IPS faces $15M budget shortfall this academic year, $18M deficit projected for 2021-2022


INDIANAPOLIS — Indianapolis Public Schools said a decline in enrollment amid the pandemic has led to a $15 million budget deficit this academic school year.

“It’s a big question mark, obviously, for every district to see what choices those families make,” said IPS Superintendent Aleesia Johnson.

The district’s projections for next year’s budget is even further down the slope. On Tuesday, district leaders said they could be forced to lay off employees due to an anticipated $18 million shortfall in the 2021-2022 school year.

“Our priority is to ensure that classroom instruction — teaching and learning — is impacted as little as possible by any reductions we have to make,” said Johnson.

Johnson said the state average for total tuition support has increased 15% since 2013-2014, however, IPS has seen an increase of $17.

“I’m not sure what that percent is, but it’s no where close to 15%, which I think is the headline there,” said Johnson.

Based on this, the district said they have to continue to make recommendations for more equitable state funding.

IPS Chief Financial Officer Weston Young explained there are two types of funding: foundation funding, which gives every student or district equal amounts of funding, and complexity funding, which gives more to districts with low-income students.

“Right now, the base of complexity hasn’t been funded or increased the last few years,” said Young. “That’s critical.

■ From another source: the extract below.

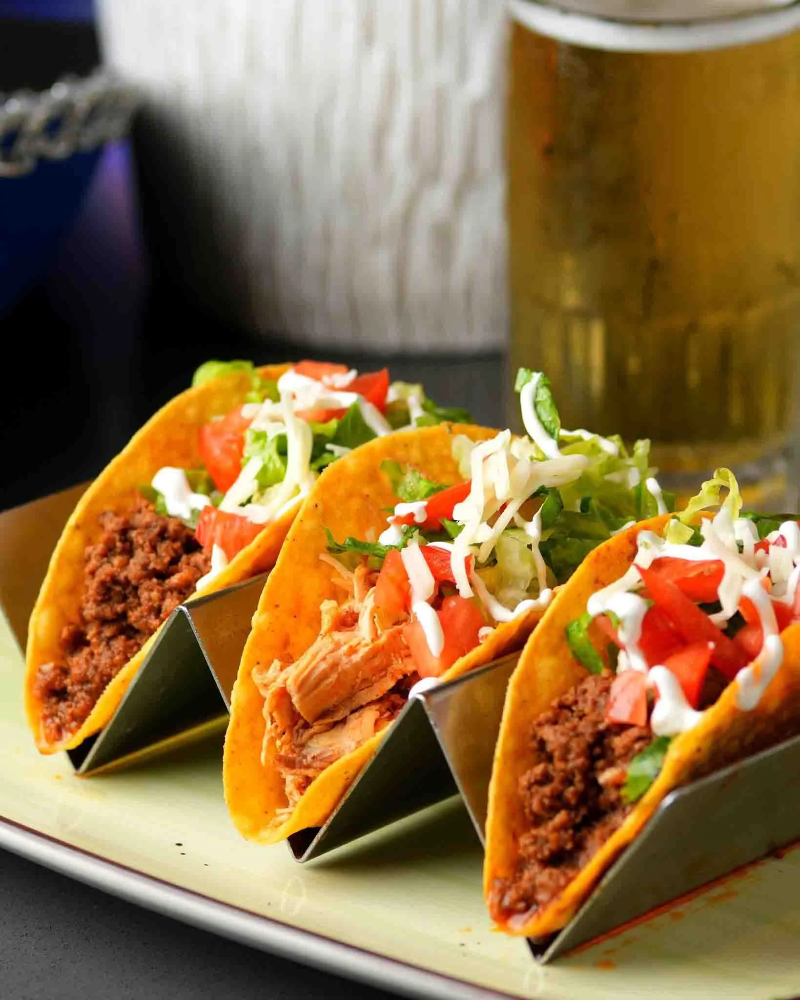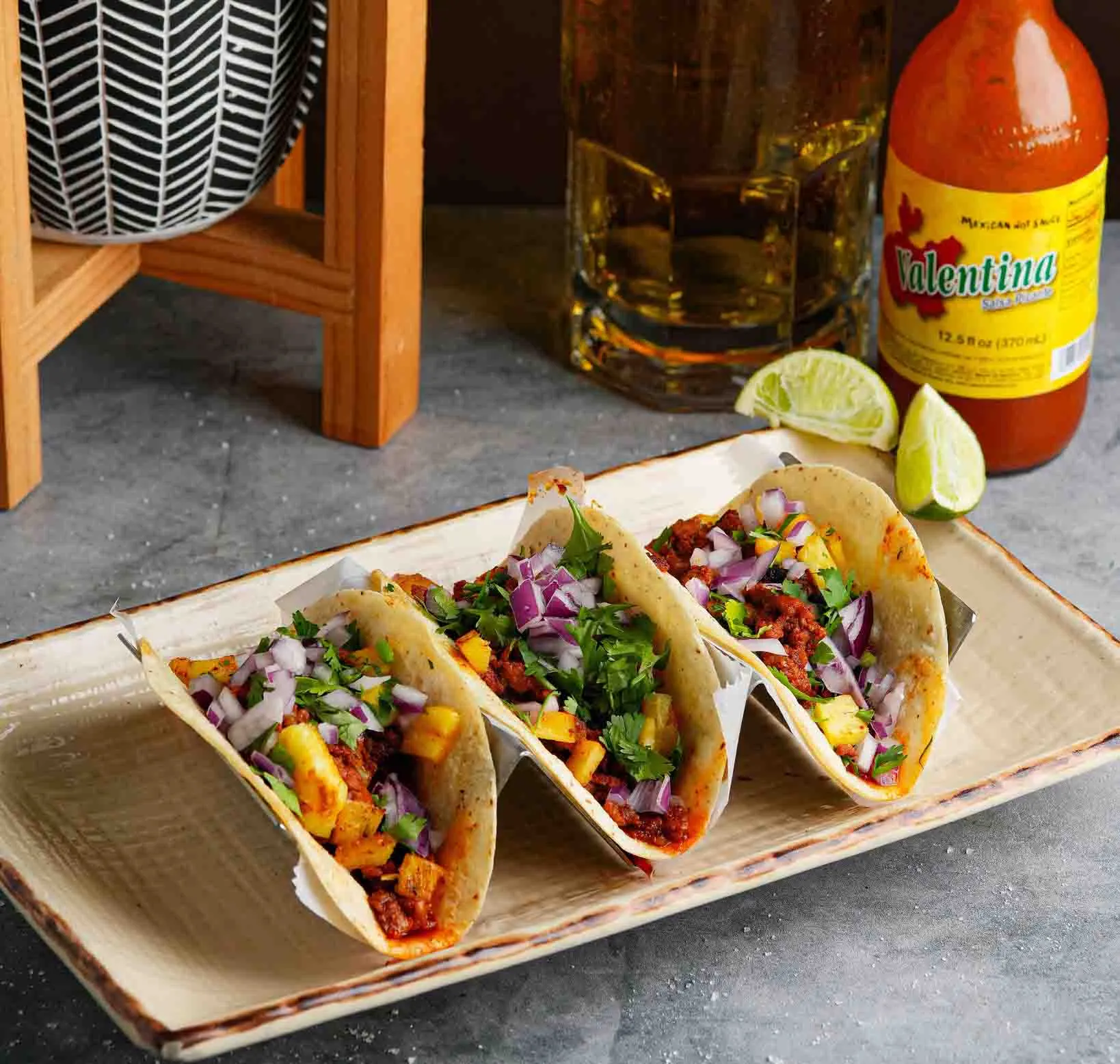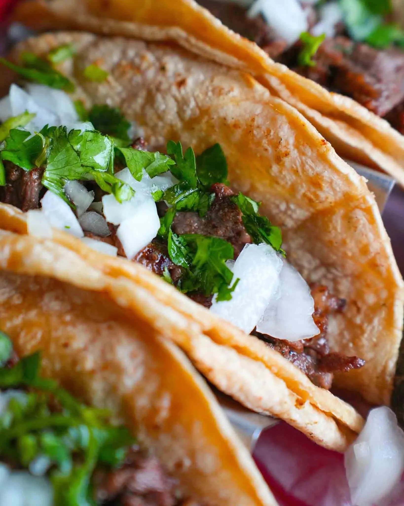 3 of the same tacos served with Rice & Beans. Mexican Style: Onions & Cilantro | American Style: Lettuce, Tomatoes & Shredded Cheese.

At some point, their equal is not equitable.”

Young said district leaders continue to make sure equitable funding is at the forefront of state lawmaker’s decision making. They strive to ensure complexity funds are being awarded at the same or greater rate as foundation funding.

Meanwhile, Rep. Gregory Porter agrees with the district. He said complexity funding has actually fallen 50% over the past decade from 20% to 10%.

“IPS is continuously, even though they have more students, they continuously lose money,” said Rep. Porter.

“The flaw in the theory of ‘everyone gets something’ is the fact that everyone is not at the same place or existing under the same conditions,” said Johnson. “Which means we need to fund equitably and acknowledge the differences that exist, versus funding equally.”

IPS district leaders emphasize they have not yet finalized any budget reductions for this year or next. They said those recommendations will be made by late spring.